Вечером Кира думала о том, что сказала мама. «И меня не будет. То есть все вокруг останется, другие люди будут жить, гулять, есть, веселиться, а меня не будет? Как это? И я вообще ничего не смогу видеть: ни солнышка, ни деревьев, ни цветов, ни неба? И ничего не буду чувствовать? Как это?» Кира вдохнула глубоко и задержала дыхание. Не хватает воздуха, паника. Она выдохнула и задышала часто. Леденящий, тягучий ужас противно разлился от горла к пищеводу, заполнил желудок и перетек в ноги. Как страшно… Бабушка теперь ничего не чувствует, и ее закопают в мерзлую январскую землю.
В похоронном автобусе Ангелина смотрела на свою усопшую мать, мысленно разговаривая с ней в последний раз, как вдруг увидела крупные капли, падающие в тишине на саван в ногах. Женщина посмотрела на потолок автобуса, – все в порядке, откуда? Зимой? Кира во все глаза, не отрываясь, вглядывалась в бабушку, согнувшись над ней. Потоки быстрых слез текли по щекам, тяжело падали вниз, саван над бабушкой промокал прощанием любимой внучки. Это была первая страшная Кирина потеря, первая смерть, с которой ей пришлось столкнуться. Жутко, непонятно, горько, больно.
Зимние каникулы старших детей закончились, они уходили с утра в школу, мама на работу, Киру приходилось оставлять дома одну. Работающей с утра до ночи Ангелине трудно было в середине года оформить ребенка в детсад. Не оставалось времени на хождение по инстанциям, да и все сады зимой полностью укомплектованы. За сад нужно было платить, а при доходах семьи с одной работающей единицей лишних денег совсем не было. Раньше Кира оставалась с бабушкой, но ее больше нет, и девочке пришлось привыкать к самостоятельности. Мама постаралась продумать, чем бы дочка могла заниматься дома одна, пока сестра и братья в школе.
– Смотри, Кира, когда большая стрелка часов будет здесь, а маленькая вот тут, придут Наташа, Толя и Володя. А когда большая будет здесь, а маленькая вот тут, вернусь с работы я.

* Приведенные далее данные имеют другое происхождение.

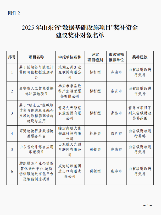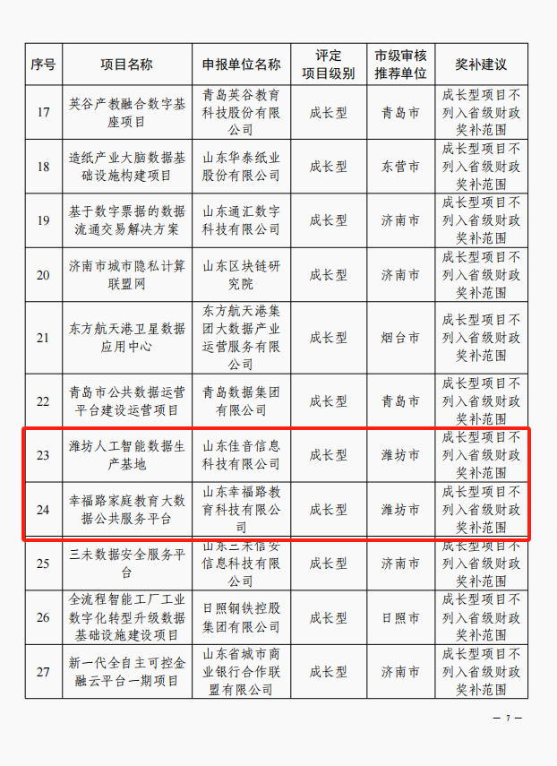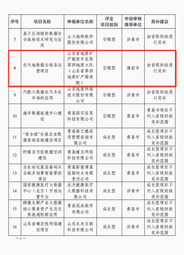 近日,山东省大数据局公示了2025年山东省数据基础设施建设奖补资金建议奖补对象名单。潍坊市山东省地质矿产勘查开发局第四地质大队(山东省第四地质矿产勘查院) 空天地数据全链条运营项目、山东佳音信息科技有限公司潍坊人工智能数据生产基地、山东幸福路教育科技有限公司幸福路家庭教育大数据公共服务平台共3个项目入选2025年山东省“数据基础设施项目”奖补资金建议奖补对象名单。

То есть нужно продержаться всего часов пять. Всего-то. Во-первых, был телевизор, нужно только его включить, как сразу возникало ощущение, что ты не одна. Во-вторых, Кире были куплены новые книги, «Снежная королева» уже начата и ждала продолжения чтения. В Кирином распоряжении были краски, цветные карандаши, альбом для рисования, игрушки. Уходя, Толя закрывал замок на входной двери снаружи и клал ключ под дверь, как это обычно делалось. Кире нисколечко не было скучно, ей даже нравилось, что она такая самостоятельная. Все шло замечательно до тех пор, пока Кира не увидела в окно уж очень весело галдевшую прямо напротив окна детвору: и Ромку, и других мальчишек, и Людку с Танькой. Они лепили снежную избушку. Катали комья, укладывали их один на другой на уже выложенный каркас небольшого квадрата. В голове Киры все еще мелькали сцены из «Снежной королевы», где она была, конечно, Гердой, а Ромка – Каем. Книга осталась раскрытой на диване, Кира взобралась на подоконник, прижалась лбом к холодному окну и стала наблюдать, как растут неуклюжие стенки снежного домика. Одной стороной скорее будки, нежели избушки, стал штакетник их палисадника. Появилось окно, укрепленное какими-то деревяшками. Кира водила пальцем по запотевшему от ее дыхания стеклу. Никто ее не замечал. Ну, это уже слишком! Невыносимо быть по другую сторону и просто наблюдать за этой кутерьмой! Кира постучала в окно тихонько, потом громче, Ромка обернулся, увидел ее, подбежал к окну. Кира открыла форточку.